- _Dataset content_
-*-*-

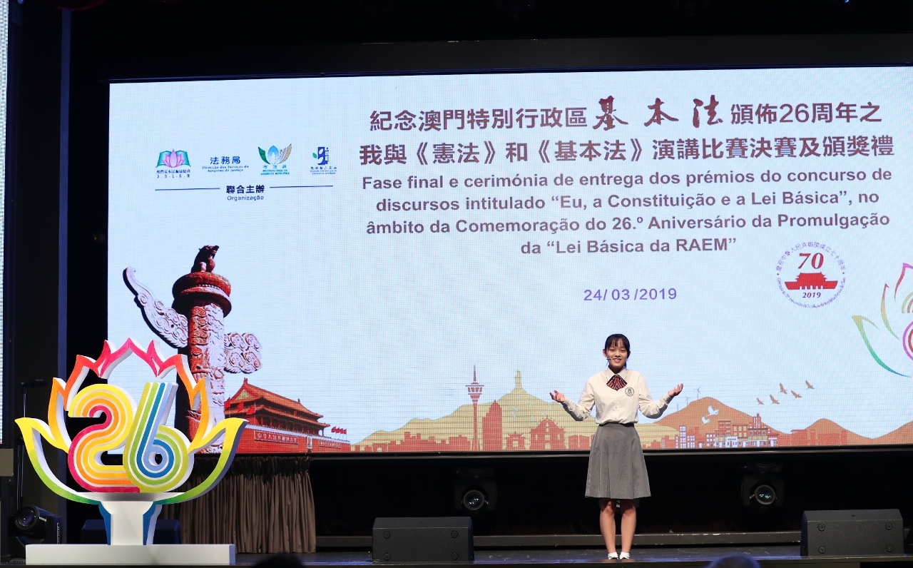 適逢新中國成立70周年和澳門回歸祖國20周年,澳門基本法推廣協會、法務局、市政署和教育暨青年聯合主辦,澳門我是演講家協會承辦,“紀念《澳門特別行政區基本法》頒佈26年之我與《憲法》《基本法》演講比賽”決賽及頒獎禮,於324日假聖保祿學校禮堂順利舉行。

-*-*-

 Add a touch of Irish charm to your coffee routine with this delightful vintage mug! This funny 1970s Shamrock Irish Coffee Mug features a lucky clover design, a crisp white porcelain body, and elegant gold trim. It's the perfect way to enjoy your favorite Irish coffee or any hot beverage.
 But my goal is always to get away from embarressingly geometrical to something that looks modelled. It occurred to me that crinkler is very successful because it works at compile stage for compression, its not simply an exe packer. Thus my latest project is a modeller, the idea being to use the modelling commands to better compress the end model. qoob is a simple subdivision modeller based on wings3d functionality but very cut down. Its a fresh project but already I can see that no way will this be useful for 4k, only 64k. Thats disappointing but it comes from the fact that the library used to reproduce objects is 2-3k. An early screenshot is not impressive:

-*-*-

All that should be written out is the stretch of lines above between the one holding "Add a touch" and the one holding "But my goal", inclusive, exactly as given.

- _Output for this exercise_
 Add a touch of Irish charm to your coffee routine with this delightful vintage mug! This funny 1970s Shamrock Irish Coffee Mug features a lucky clover design, a crisp white porcelain body, and elegant gold trim. It's the perfect way to enjoy your favorite Irish coffee or any hot beverage.
 But my goal is always to get away from embarressingly geometrical to something that looks modelled. It occurred to me that crinkler is very successful because it works at compile stage for compression, its not simply an exe packer. Thus my latest project is a modeller, the idea being to use the modelling commands to better compress the end model. qoob is a simple subdivision modeller based on wings3d functionality but very cut down. Its a fresh project but already I can see that no way will this be useful for 4k, only 64k. Thats disappointing but it comes from the fact that the library used to reproduce objects is 2-3k. An early screenshot is not impressive:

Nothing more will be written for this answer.